Tuesday, May 20, 2008

Sitting, Waiting, and Reflecting.

Right now I'm sitting in the airport waiting on the about the fifth option they've given us. We don't know if we'll make our connecting flight. We'll see if we can make it.
So, this weekend Mommy and myself headed down to MS. One of my best friends growing up, Duke, was getting married. I am so happy now that we decided to come. I really think it meant a lot to him for us to come. Him and Jennifer came up and thanked me and Mom especially. It was also good to see the rest of his family. I love Southern weddings! I plan on doing mine that way. It was such a refreshingly simple wedding. She had a nice cream colored chiffon dress. The bridesmaids wore green silk dresses with cream colored flowers. The reception was finger foods a cake cutting and mingling. This is my favorite type of wedding. *These opinions are mine and are not directed at any northerner in specific* I hate how at weddings up here people have to have these big long drawn out receptions with dancing and a sit down meal and a long line of activities. Guests have graced you with their presence already and you want them to stay for all that. Weddings like that make everybody tired especially the bride and groom and they are ready to leave and have time to themselves. I am having this type of reception and Abbi agrees.

I don't care what anybody says, Mississippi (not Alabama or Arkansas) accents are so pleasant to hear. It's not a red neck accent, it's a slow old south accent and I love it. Fixin' to and Ya'll are awesome words/phrases!

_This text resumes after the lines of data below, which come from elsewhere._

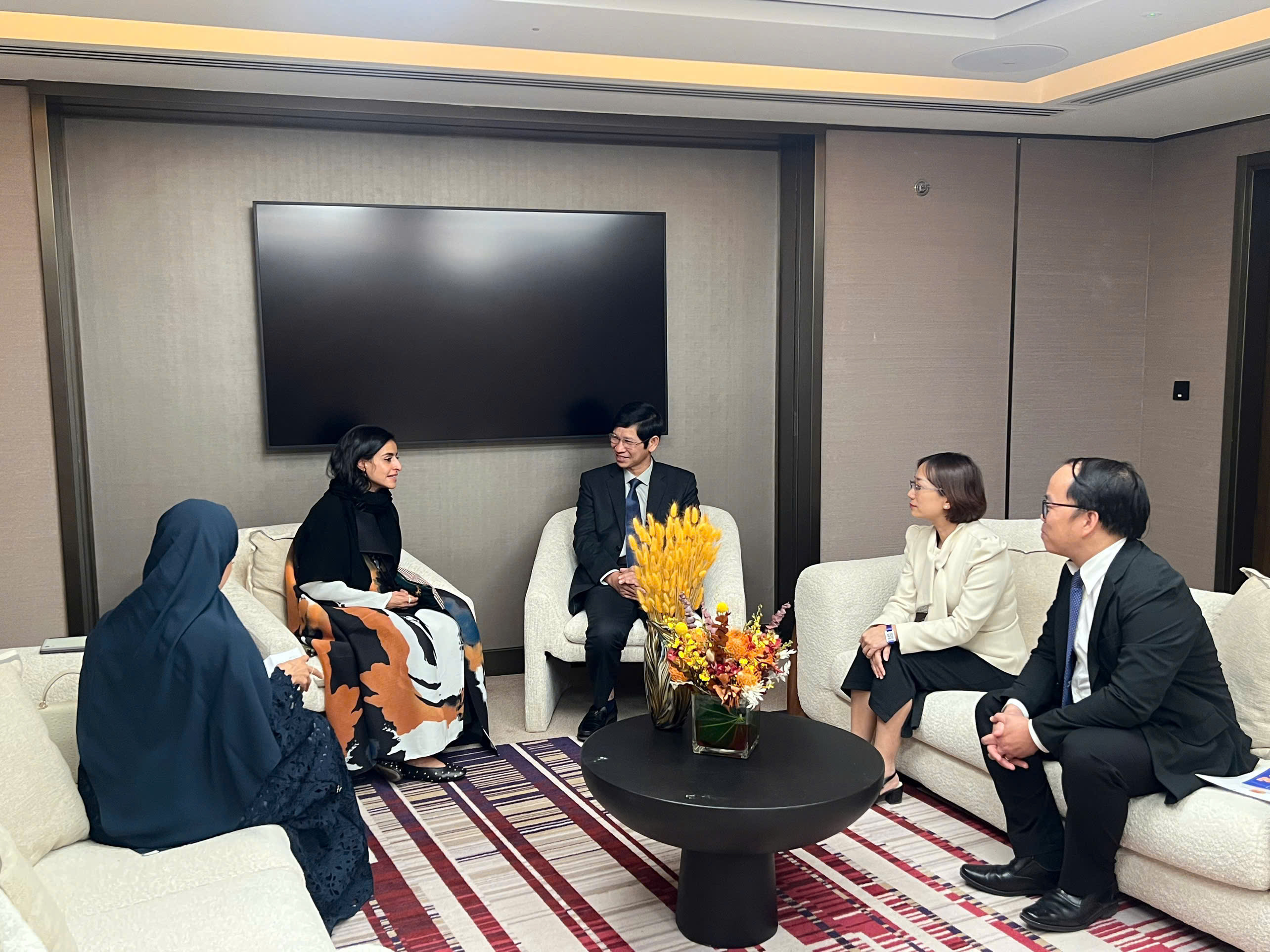 (TITC) - Trong khuôn khổ Đại hội đồng Tổ chức Du lịch Liên Hợp Quốc (UN Tourism), ngày 9/11, Thứ trưởng Bộ Văn hoá, Thể thao và Du lịch Hồ An Phong dẫn đầu đoàn công tác Việt Nam đã có cuộc gặp mặt bà Shaikha Al Nowais - Tân Tổng Thư ký UN Tourism nhiệm kỳ 2026-2029.
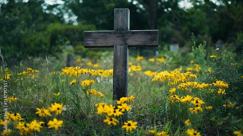 cross, cemetery, grave, flower, yellow, wooden, religious, death, memorial, remembrance, faith, spiritual, peace, calmness, nature, grass, green, summer, daytime, landscape, stillness, serenity, calm, quiet, solitude, beauty, bloom, flora, wildflower, rustic, old, weathered, burial, ground, plant, funeral
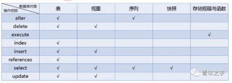 「对象特权」对象特权用于维护表级、行级与列级数据的安全性。下表列出了 数据库对象-----表、 视图、 序列、快照、存储过程与函数各对象上允许的操作权限(V表示操作允许)

So, while I was there I visited my old house and it was the weirdest feeling. The place I grew up in looked so different. It felt so weird to walk into my house and it not be my house anymore. I also made my way down to the creek. Behind our old house we had this awesome beautiful field and then a forest of pine trees and then a big creek. It was such a feeling of nostalgia walking down the field. Then, what I thought would happen would, I could not resist the urge to take off my flip flops. I was going through the grass, mud, thorns, and sand barefoot. I don't know why but even with all the pain it caused on walks as a child, I wanted to go barefoot. I even liked the pain to an extent because I felt freer without them. It felt just like I was a little kid again. I saw tadpoles and a deer and I found some clay in the creek. I loved growing up with that in my backyard. I came up from the walk all muddy and it was wonderful. I can be girly but I love getting muddy. It was interesting to think about growing up there. I really didn't have many friends but I still liked being with my family. People in school didn't wanna be friends with me because I was the pastors kid ("christian school", yeah right). It was a small town and people can be ignorant. My church family wasn't like this fortunately. I did have some homeschooling friends sometimes. I had great summers with them and my siblings. Staying out until the sunset and going out in the field and making forts. I remember one time Daddy jumped on hay bails with us and we played tag. We had this really cool fort at the creek too, it was our own private beach. Then there were the days spent at the pool. We played so many different games all together and got sooooooo tan. Then there were the rainy days in the attic when we played spies or orphans. It was kinda sad being back there but in a way it was cool also. It is sad to think that being a little kid was over but I should also be thankful that I had such a cool childhood. People up here may make fun of the south and act like people there are ignorant but that is a form of ignorance. It also bugs the crap out of me when people make fun of southern accents. Weall have accents in case you haven't noticed, we just can't hear them because we live around our native accent.

It was a good visit and it was good to see the local things. Even though I don't live Mississippi anymore I loved being there for when I was. I am just in a different part of life now. Life is full of changes and I need to live with it. This makes me think of one thing that will never change. God. It is scary to think about how many changes I will have to make in life, the state of the environment, our countries economy, foreign policy (especially if Obama takes over), school and loans, dating the right person that God has for me. In all this crazyness, I know that God is the only truly comforting thing. He has an eternal promise and when believers are in heaven together, there will be perfect fellowship and no problems or pain or tears. Remember God's enduring promise.

1 comment:

sUsAn said...

What a reflective trip you had! :) My wedding reception was quite simple with cake and finger foods...no dancing. I loved it! We sang hymns as part of the ceremony too. It makes those hymns even more special when we sing them in church now too.